* [Given records]:
= = = = =

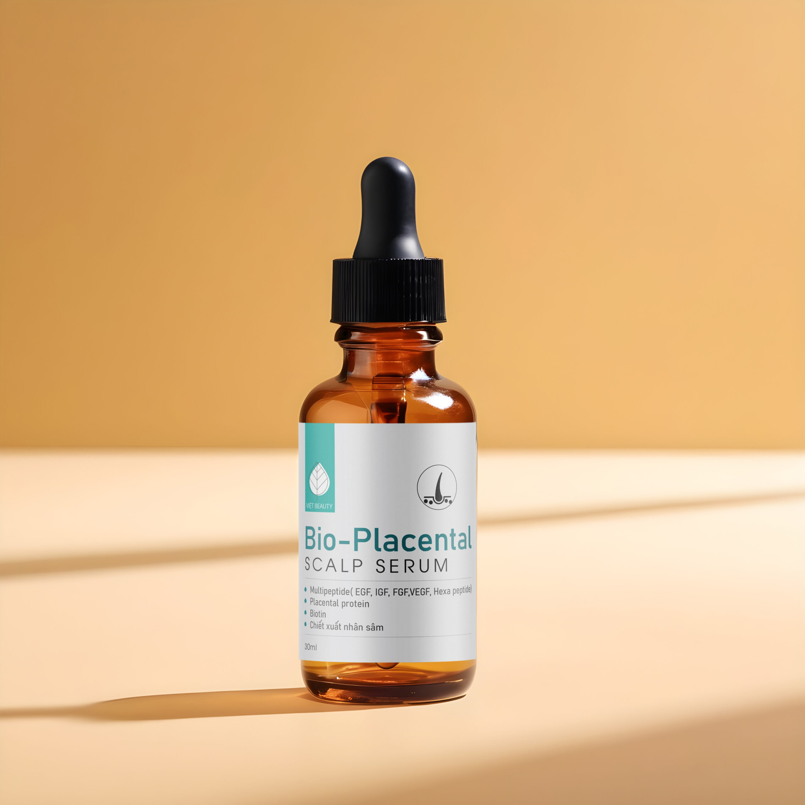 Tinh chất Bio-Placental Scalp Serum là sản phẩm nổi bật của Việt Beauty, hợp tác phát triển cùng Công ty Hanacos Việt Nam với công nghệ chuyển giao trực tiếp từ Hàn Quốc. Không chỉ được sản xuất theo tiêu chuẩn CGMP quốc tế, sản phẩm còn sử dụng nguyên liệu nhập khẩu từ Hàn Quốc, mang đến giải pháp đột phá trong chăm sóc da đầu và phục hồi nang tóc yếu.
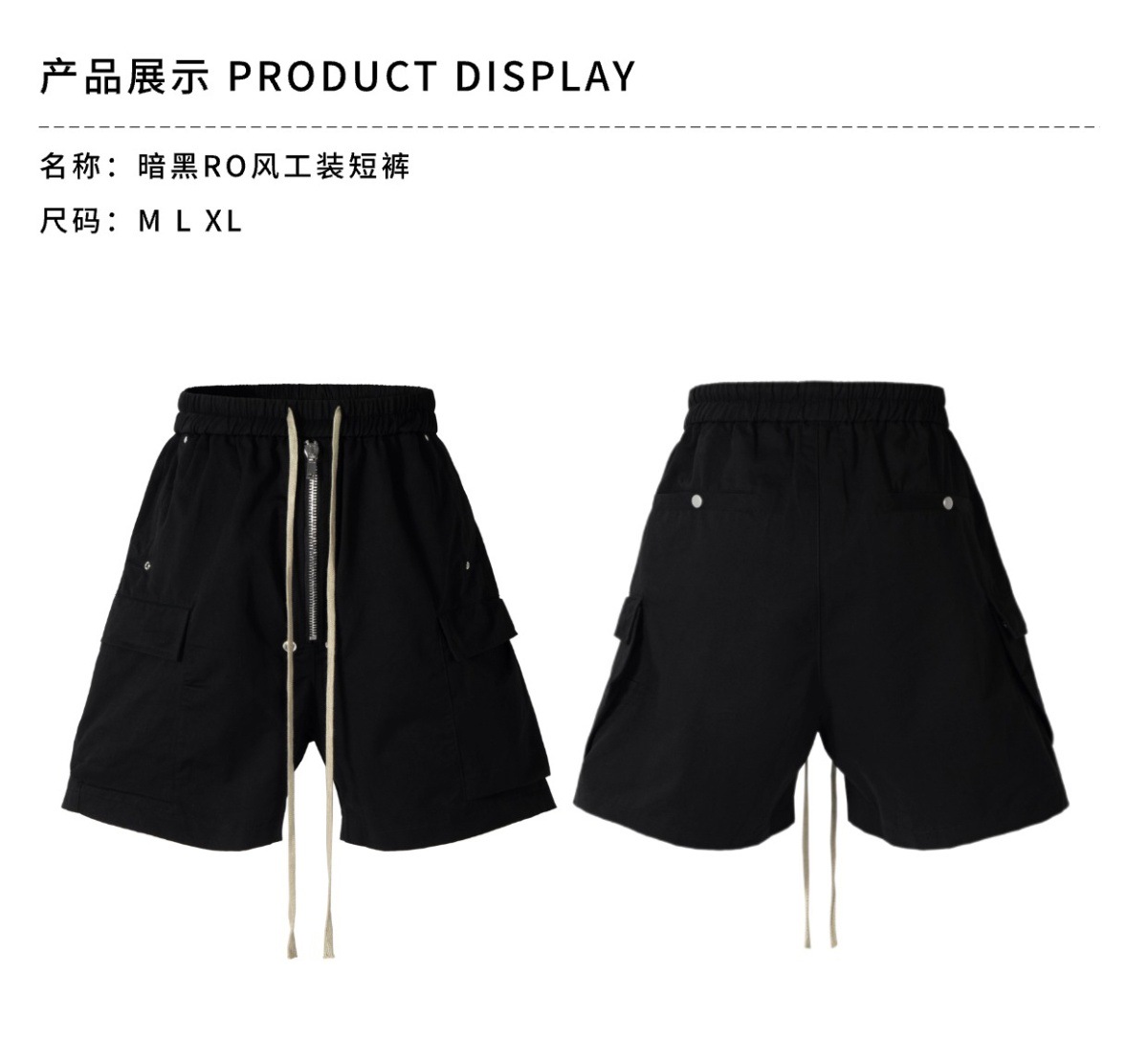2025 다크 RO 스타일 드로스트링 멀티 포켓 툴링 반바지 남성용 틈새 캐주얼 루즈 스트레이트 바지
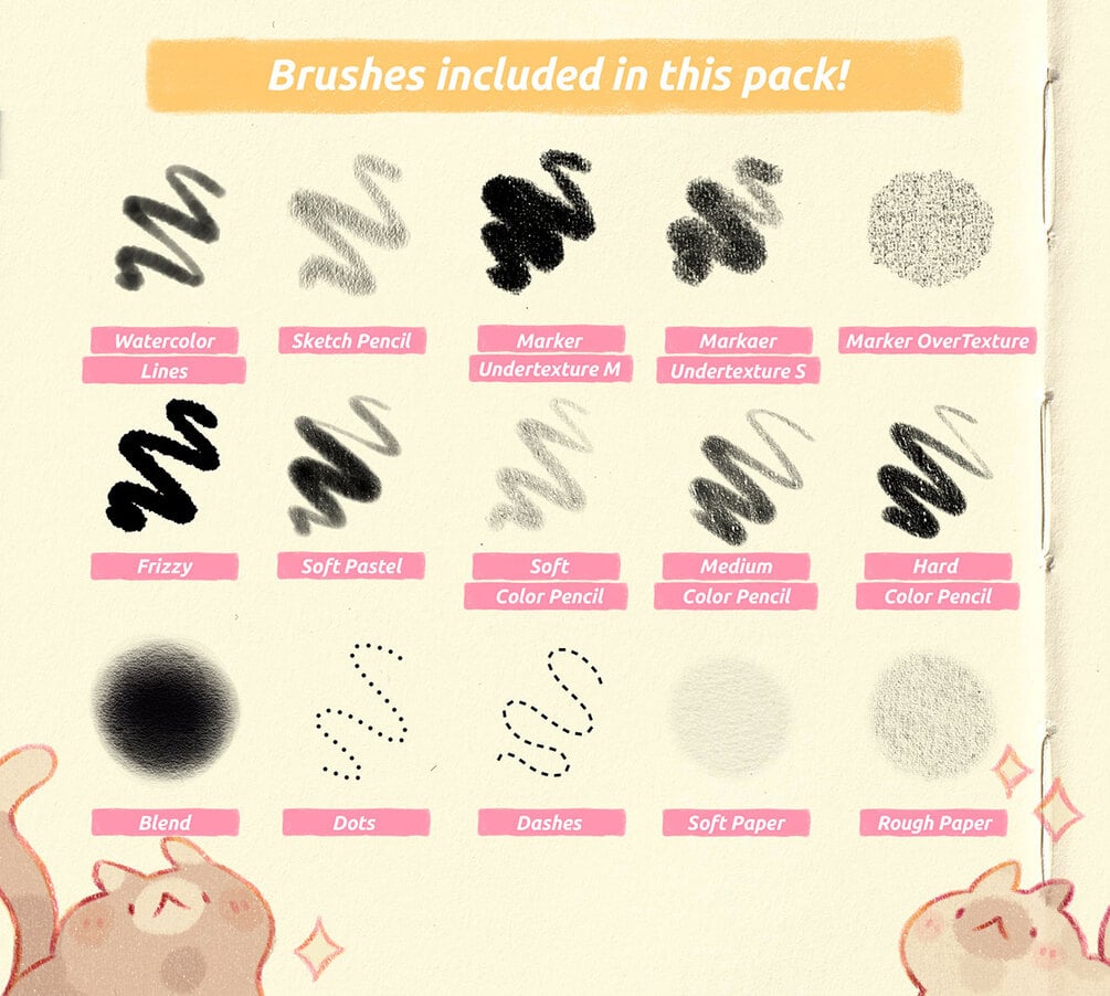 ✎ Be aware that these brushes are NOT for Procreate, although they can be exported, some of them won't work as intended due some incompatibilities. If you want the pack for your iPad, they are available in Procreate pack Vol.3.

= = = = =

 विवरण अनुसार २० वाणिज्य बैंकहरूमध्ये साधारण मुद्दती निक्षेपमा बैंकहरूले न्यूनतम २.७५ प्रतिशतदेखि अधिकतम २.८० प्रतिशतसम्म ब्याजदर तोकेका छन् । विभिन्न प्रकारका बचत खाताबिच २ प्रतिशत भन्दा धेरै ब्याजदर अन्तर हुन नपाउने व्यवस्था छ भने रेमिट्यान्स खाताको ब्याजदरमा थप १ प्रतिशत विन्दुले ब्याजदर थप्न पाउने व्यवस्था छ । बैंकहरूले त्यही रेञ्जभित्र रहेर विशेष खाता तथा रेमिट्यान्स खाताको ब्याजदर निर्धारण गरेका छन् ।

= = = = =

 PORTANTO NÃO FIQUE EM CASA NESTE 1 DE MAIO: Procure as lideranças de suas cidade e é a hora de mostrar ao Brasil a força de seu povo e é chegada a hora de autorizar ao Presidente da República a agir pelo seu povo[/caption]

= = = = =

* [Directions for this task]: For the entries above, print exactly the lines between the one with "Tinh chất Bio-Placental" and the one with "2025 다크 RO 스타일", inclusive, with no pictures.

* [Written response]:
 Tinh chất Bio-Placental Scalp Serum là sản phẩm nổi bật của Việt Beauty, hợp tác phát triển cùng Công ty Hanacos Việt Nam với công nghệ chuyển giao trực tiếp từ Hàn Quốc. Không chỉ được sản xuất theo tiêu chuẩn CGMP quốc tế, sản phẩm còn sử dụng nguyên liệu nhập khẩu từ Hàn Quốc, mang đến giải pháp đột phá trong chăm sóc da đầu và phục hồi nang tóc yếu.
2025 다크 RO 스타일 드로스트링 멀티 포켓 툴링 반바지 남성용 틈새 캐주얼 루즈 스트레이트 바지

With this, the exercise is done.